I needed to come up with an appetizer to feed a crowd, so I came up with my own vegan version of stuffed mushrooms. They were pretty easy to make and were gone in no time. Another great ingredient to add is a couple of Field Roast Italian Sausages–just thaw, chop and add to the food processor with the bell pepper.
INGREDIENTS:
About 30 mushrooms, washed and stems reserved
2 cloves garlic, minced
1 red bell pepper
5 green onions
3-4 Tbs Earth Balance margarine, divided
1/2 C bread crumbs
6″ of a garlic scape
Salt and pepper, to taste
1/2 to 1 tsp cayenne pepper
3/4 C vegan mozzarella (like Vegan Rella), shredded
DIRECTIONS:
Preheat oven to 325. Saute the mushroom caps in 2 tablespoons of margarine until they just begin to brown on each side. Then set aside.

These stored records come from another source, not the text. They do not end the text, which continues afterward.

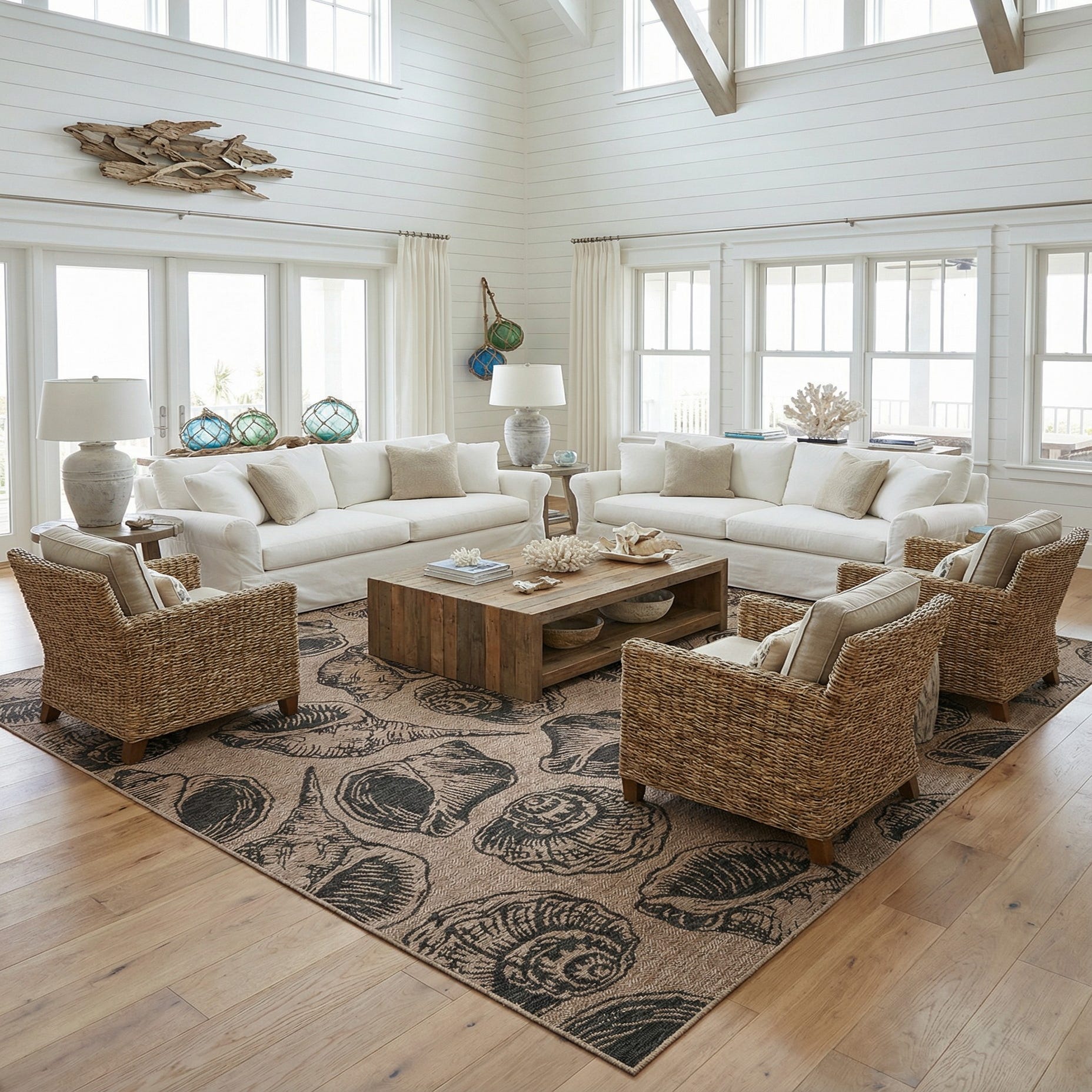 13' x 13' Washable Coastal Indoor / Outdoor Square Rug
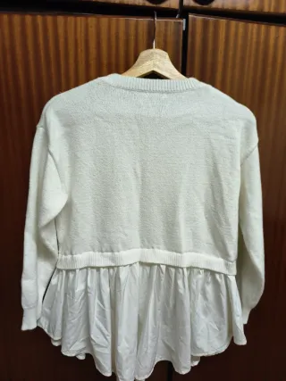 Blusa de manga larga con un diseño de dos piezas. - Parte superior de punto texturizado. - Parte inferior tipo camisa con botones. - Corte peplum.
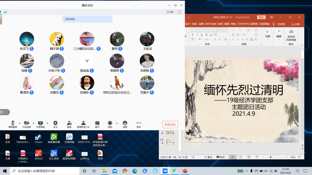 2021年4月9日,2019级经济学团支部组织了“清明遥思,缅怀先烈”4月主题团日活动,活动地点依托线上腾讯会议平台展开。首先,同学们阅读了烈士们的相关事迹,之后观看了纪录片视频在团支书的主持下,同学们对革命先烈的英雄事迹进行了认真的回顾和学习,写下了自己的感悟,之后做了广泛的交流与讨论。在此过程中,同学们对其中蕴含的大无畏的革命精神与深厚的爱国主义精神有了更进一步的理解与体会。

Chop up the mushroom stems, red bell pepper, green onions and scape. Here’s a scape:
Add all four to a food processor and chop up until fine:
Transfer to the same pan that you used to saute the mushrooms caps in, and saute the pepper mixture in 2-3 tablespoons of margarine for 3-4 minutes. Add bread crumbs, salt, pepper, and cayenne.
Remove from heat. Stuff each cap with about 1/2 to 1 teaspoon of the pepper mixture and a medium pinch of cheese.
If you are making these ahead, you can stuff them and refrigerate them, but add the cheese just before baking. Bake for 15 minutes and enjoy!